3.2.      De selectiefunctionaris heeft de bestreden beslissing als volgt toegelicht. Klager is bij binnenkomst gehoord door een afdelingshoofd en een teamleider. Klager heeft aangegeven dat hij bang is dat hem iets zal overkomen. Hij heeft tot juni 2017 op de lijst Gedetineerden met een vlucht-/maatschappelijk risico (de GVM-lijst) gestaan in verband met liquidatiegevaar. Uit ingewonnen informatie blijkt dat een medeverdachte in de p.i. Ter Apel verblijft, bij wie klager niet geplaatst kan worden, omdat die medeverdachte destijds naar aanleiding van verklaringen van klager is opgepakt.
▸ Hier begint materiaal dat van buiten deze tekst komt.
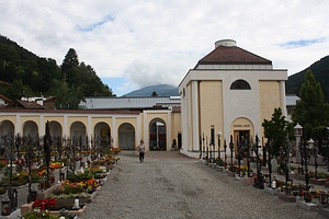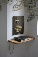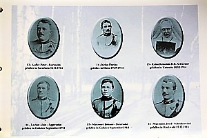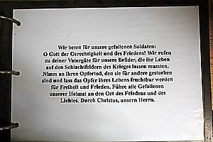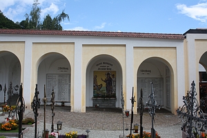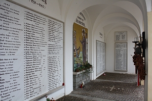 Denkmal auf dem Friedhof; dazu Gedenkbuch mit Fotos für die Opfer des 1. Weltkrieges in der Gedenkkapelle

Aan klager is op 2 maart 2018 in de p.i. Arnhem een disciplinaire straf vanwege drugshandel en intimidatie van een medegedetineerde opgelegd. Een langer verblijf in de p.i. Arnhem was om die reden niet aangewezen. Klager is, gelet op de situatie, overgeplaatst naar een inrichting met direct beschikbare capaciteit. Bij beslissing van 19 juni 2018 is klager op zijn verzoek overgeplaatst naar de gevangenis van de p.i. Achterhoek te Zutphen. In dit verzoek heeft klager overigens zelf ook te kennen gegeven dat terugplaatsing naar de p.i. Arnhem niet in de rede ligt. Voor zover klager klaagt over verlies van zijn eigendommen, geldt dat de selectiefunctionaris hier niet voor verantwoordelijk is.

4.         De beoordeling

4.1.      Klager verblijft inmiddels niet meer in de gevangenis van de p.i. Lelystad, maar in de gevangenis van de p.i. Achterhoek. De bestreden beslissing wordt dus niet meer geëffectueerd. De beroepscommissie zal het beroep toch inhoudelijk behandelen, omdat namens klager is verzocht om hem een tegemoetkoming toe te kennen.

4.2.      Het beroep richt zich tegen klagers overplaatsing naar de p.i. Lelystad. Klager is het er wel mee eens dat hij uit de p.i. Ter Apel geplaatst zou worden. Hij had echter teruggeplaatst willen worden naar de p.i. Arnhem.

4.3.      Uit het selectieadvies d.d. 14 maart 2018 blijkt dat klager in de p.i. Arnhem betrokken was bij drugshandel en dat als gevolg daarvan sprake was van spanningen tussen klager en enkele medegedetineerden aldaar. Bij klagers overplaatsing was haast geboden. In de p.i. Lelystad was kennelijk direct beschikbare capaciteit. Pas daarna was er meer tijd om plaatsingen elders te onderzoeken en te realiseren. Dit is op verzoek van klager ook gebeurd. Van een onredelijke of onbillijke beslissing is dan ook geen sprake geweest. De beroepscommissie zal het beroep daarom ongegrond verklaren.

5.         De uitspraak

De beroepscommissie verklaart het beroep ongegrond.

Aldus gegeven door de beroepscommissie voornoemd, bestaande uit mr. J.W. Wabeke, voorzitter, mr. A.T. Bol en J.G.A. van den Brand, leden, in tegenwoordigheid van

P. de Vries, secretaris, op 4 oktober 2018.